Research suggests that serotonin levels may decrease in the luteal phase of the menstrual cycle, which is the phase leading up to menstruation. This decrease in serotonin levels can contribute to mood changes such as irritability, sadness, and anxiety experienced by some women during this time.
Moreover, Low serotonin levels have been associated with depressive symptoms, including feelings of sadness, hopelessness, and low mood, which are commonly experienced by women with premenstrual emotional sensitivity.
Therefore, understanding the role of serotonin levels in the context of hormonal fluctuations during the menstrual cycle is essential for comprehensively addressing premenstrual emotional sensitivity and its impact on women’s well-being.
Serotonin is considered a mood stabilizer, which is why Increasing serotonin levels before menstruation can help alleviate emotional sensitivity and improve mood during the premenstrual phase. Here are several strategies that may help boost serotonin levels:
- Maintain a Balanced Diet: Most of the serotonin is made in the gut, which is why Healthy eating is vital in boosting serotonin. consuming healthy foods rich in tryptophan, an amino acid that is a precursor to serotonin, can support serotonin production.
Foods such as turkey, chicken, eggs, nuts, seeds, and pineapples are good sources of tryptophan. Additionally, complex carbohydrates in whole grains can help boost serotonin levels. This is because they promote the release of insulin, which helps transport tryptophan to the brain. - Regular Exercise: Regular aerobic exercise can naturally increase the feel-good chemical serotonin in your brain. Aim for at least 30 minutes of moderate-intensity exercise most days of the week to reap the mood-boosting benefits.
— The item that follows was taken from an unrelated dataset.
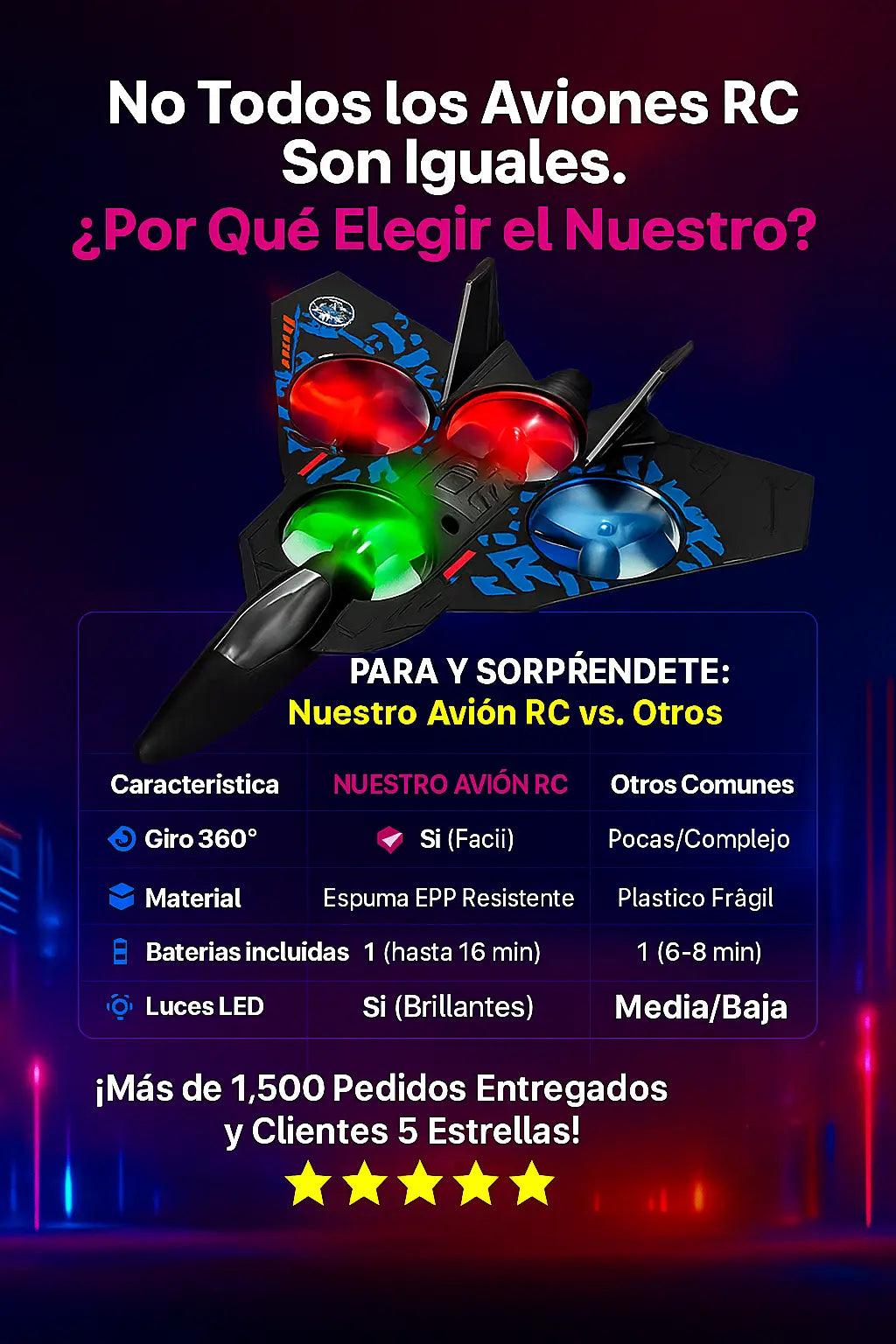 ¡Increíble! Mi hijo quedó fascinado con el avión. Hace giros 360 sin caerse y las luces neón se ven brutales en la noche.

- Get Sufficient Sleep: Prioritize getting enough sleep during the premenstrual phase, as low hours of sleep can negatively impact serotonin levels and mood. Aim for 7-9 hours of quality sleep per night to support overall well-being.
- Manage Stress: Chronic stress can lower serotonin levels and make you more emotionally sensitive. Stress-reduction activities such as mindfulness meditation, deep breathing exercises, and yoga can promote relaxation and support serotonin production.
- Soak up the Sunlight: Sunlight exposure stimulates the production of serotonin in the brain. Take walks in nature during daylight hours, especially in the morning, to help regulate your body’s internal clock and enhance your mood.
- Take Dietary Supplements: Certain dietary supplements may support serotonin production. These include omega-3 fatty acids, vitamin B, vitamin D, and magnesium. However, it’s essential to consult with a health care provider before starting any new supplements, especially if you have underlying health conditions or are taking medications.
- Limit Caffeine and Alcohol: Consuming too much caffeine and alcohol can disrupt serotonin levels and worsen mood symptoms. Limiting intake or avoiding these substances altogether may help support serotonin balance.
- Practice Relaxation Techniques: Engage in relaxation techniques such as deep breathing, progressive muscle relaxation, or visualization exercises to promote feelings of calmness and reduce stress levels.
- Cold showers: Taking a cold shower can stimulate the release of serotonin indirectly. Moreover, cold showers have been associated with the release of endorphins, which are natural painkillers and mood enhancers. However, it’s important to listen to your body and choose activities that feel comfortable to you and your body.
- Practice self-care: Engaging in self-care practices, including getting a massage, getting a facial, or a new hair cut can indirectly increase serotonin levels by promoting relaxation, reducing stress, and enhancing overall emotional well-being.
By incorporating these lifestyle strategies into your routine before your period, you can boost serotonin production and potentially reduce the severity of symptoms during the premenstrual phase. However, it’s important to note that individual responses may vary, so consulting with a healthcare provider can provide personalized recommendations tailored to your specific needs and circumstances.